— Your instructions —
In this exercise, write out the data word for word and leave every image out.

— Data extract —
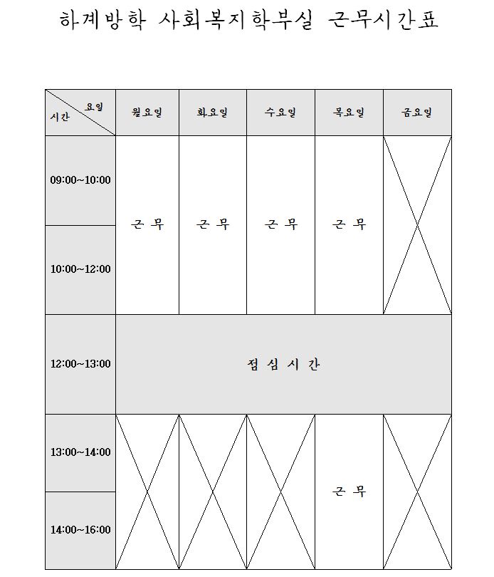 2017 하계방학 사회복지학부실 근무시간표입니다.
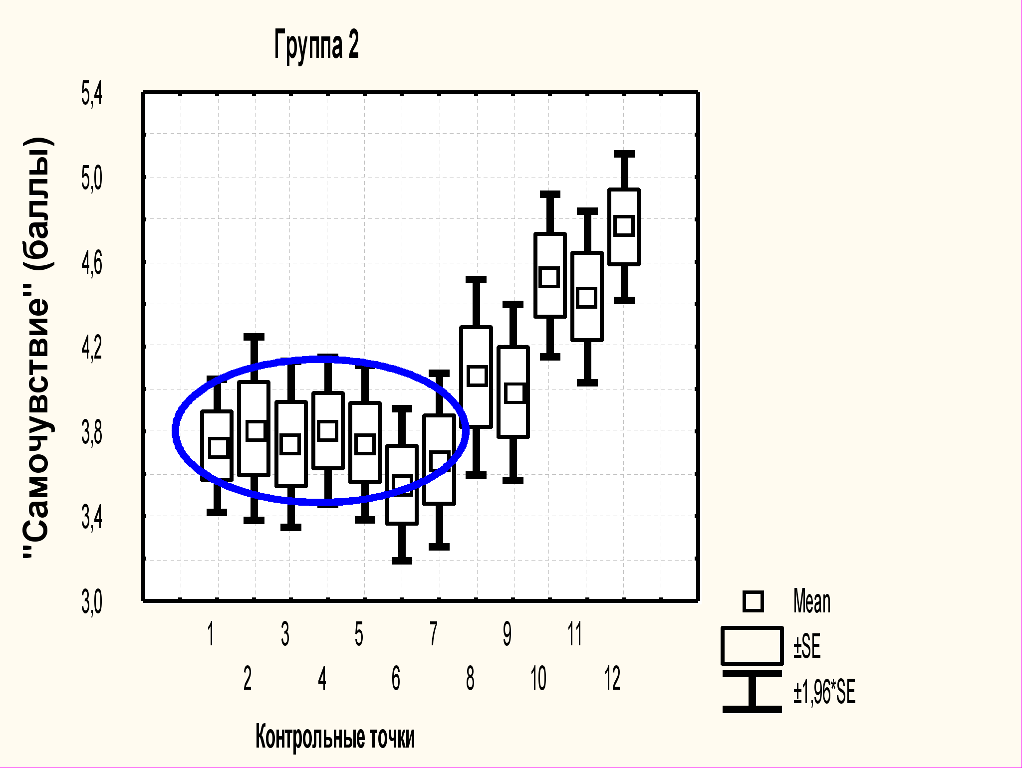 Рис. 3. Динамика показателя «Самочувствие» пациентов, находившихся под наблюдением (по опроснику САН, баллы). Эллипсами обозначены периоды наблюдения.
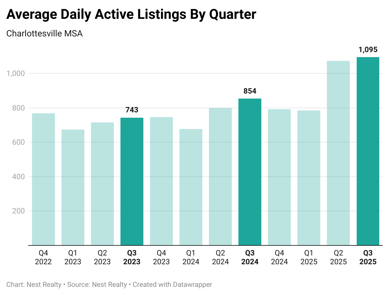 - The average number of active residential listings in the third quarter of 2025 was 1,095, a +28% jump from 854 in the third quarter of 2024.
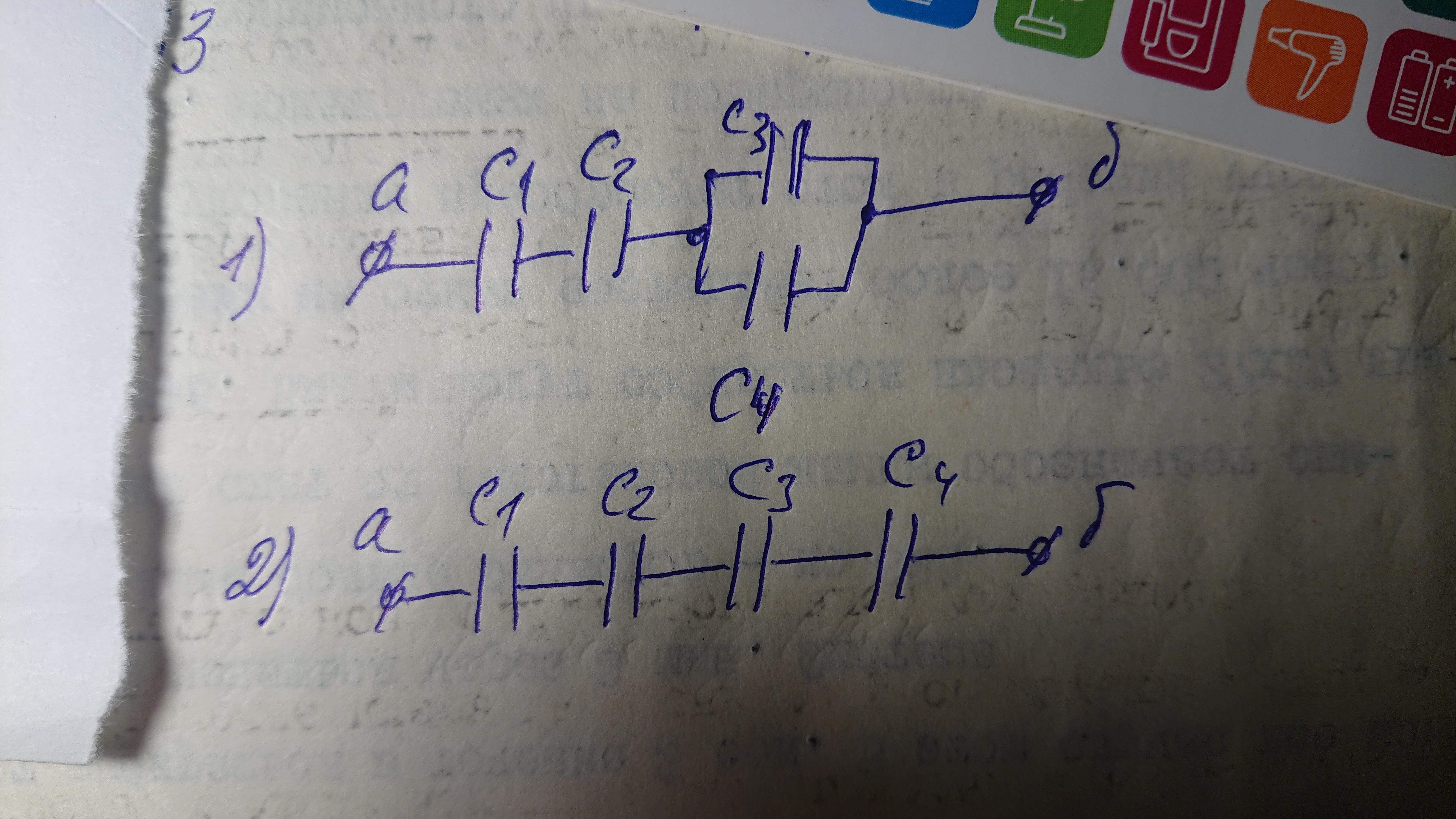 3. Начертить схемы присоединения четырех конденсаторов к выводам а) и б) источника переменного напряжения 1) последовательно соединены 2 конденсатора, параллельно – 2 конденсатора; 2) последовательно соединены все конденсаторы.

— Task result —
 2017 하계방학 사회복지학부실 근무시간표입니다.
 Рис. 3. Динамика показателя «Самочувствие» пациентов, находившихся под наблюдением (по опроснику САН, баллы). Эллипсами обозначены периоды наблюдения.
 - The average number of active residential listings in the third quarter of 2025 was 1,095, a +28% jump from 854 in the third quarter of 2024.
 3. Начертить схемы присоединения четырех конденсаторов к выводам а) и б) источника переменного напряжения 1) последовательно соединены 2 конденсатора, параллельно – 2 конденсатора; 2) последовательно соединены все конденсаторы.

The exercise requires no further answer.